PyTorch Training Basics

Welcome to the world of PyTorch training! This guide will walk you through the foundational concepts and practical implementation of training neural networks using PyTorch. By the end, you'll understand how to construct and execute an effective training loop for your deep learning models.

Introduction

Training a neural network involves an iterative process where a model learns patterns from data by adjusting its internal parameters. PyTorch provides a flexible framework for this process, giving developers control over each step while handling complex computations under the hood.

At its core, PyTorch training consists of these key components:

Data preparation and loading
Model definition
Loss function selection
Optimizer configuration
The training loop itself

Let's explore each of these components in detail.

Data Preparation and Loading

Before training begins, you need to prepare and load your data in a format PyTorch can work with.

Using PyTorch Datasets and DataLoaders

import torch
from torch.utils.data import Dataset, DataLoader
import numpy as np

# Create a simple dataset
class SimpleDataset(Dataset):
    def __init__(self, data, targets):
        self.data = data
        self.targets = targets
    
    def __len__(self):
        return len(self.data)
    
    def __getitem__(self, idx):
        return self.data[idx], self.targets[idx]

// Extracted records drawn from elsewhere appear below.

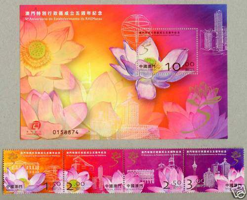澳門 2004 年 特別 行政區 成立 5周年 小全張 + 郵票
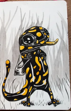 Une boite de sardines sur les routes carpatiennes Illustration Ecriture Sketchbook analytique. Association de textes et de dessins les illustrant.
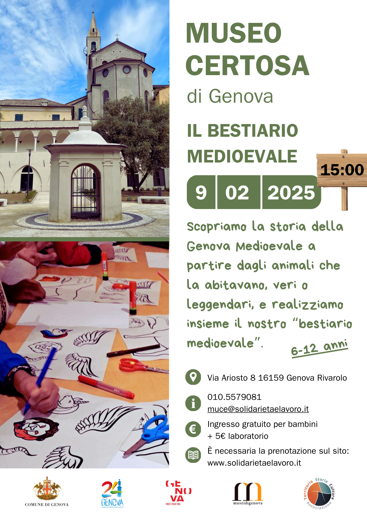 Il MUCE-Museo Certosa di Genova propone “Il Bestiario Medioevale”, speciale laboratorio ludico-didattico rivolto a bambini/e dai 6 ai 12 anni, in cui si vanno a scoprire tutti gli animali che abitavano la Genova Medioevale.

# Generate synthetic data: input features and target values
x = np.random.rand(100, 5).astype(np.float32)  # 100 samples, 5 features each
y = np.random.randint(0, 2, size=(100, 1)).astype(np.float32)  # Binary targets

# Create dataset
dataset = SimpleDataset(
    torch.from_numpy(x), 
    torch.from_numpy(y)
)

# Create data loader
train_loader = DataLoader(dataset=dataset, batch_size=16, shuffle=True)

print(f"Dataset size: {len(dataset)}")
print(f"Number of batches: {len(train_loader)}")

Output:

Dataset size: 100
Number of batches: 7

The DataLoader splits our dataset into batches, which helps with memory efficiency and can improve training dynamics.

Model Definition

Next, we need to define our neural network model. PyTorch makes this easy with its nn.Module class:

import torch.nn as nn

class SimpleModel(nn.Module):
    def __init__(self, input_size, hidden_size, output_size):
        super(SimpleModel, self).__init__()
        self.layer1 = nn.Linear(input_size, hidden_size)
        self.activation = nn.ReLU()
        self.layer2 = nn.Linear(hidden_size, output_size)
        self.sigmoid = nn.Sigmoid()
    
    def forward(self, x):
        x = self.layer1(x)
        x = self.activation(x)
        x = self.layer2(x)
        x = self.sigmoid(x)
        return x

# Initialize the model
input_size = 5
hidden_size = 10
output_size = 1

model = SimpleModel(input_size, hidden_size, output_size)
print(model)

Output:

SimpleModel(
  (layer1): Linear(in_features=5, out_features=10, bias=True)
  (activation): ReLU()
  (layer2): Linear(in_features=10, out_features=1, bias=True)
  (sigmoid): Sigmoid()
)

Loss Function

The loss function measures how far the model's predictions are from the ground truth:

# Define loss function
criterion = nn.BCELoss()  # Binary Cross Entropy Loss for binary classification

# Example of how loss is calculated
x_sample = torch.randn(1, 5)  # One random sample
y_pred = model(x_sample)
y_true = torch.tensor([[1.0]])  # Ground truth (positive class)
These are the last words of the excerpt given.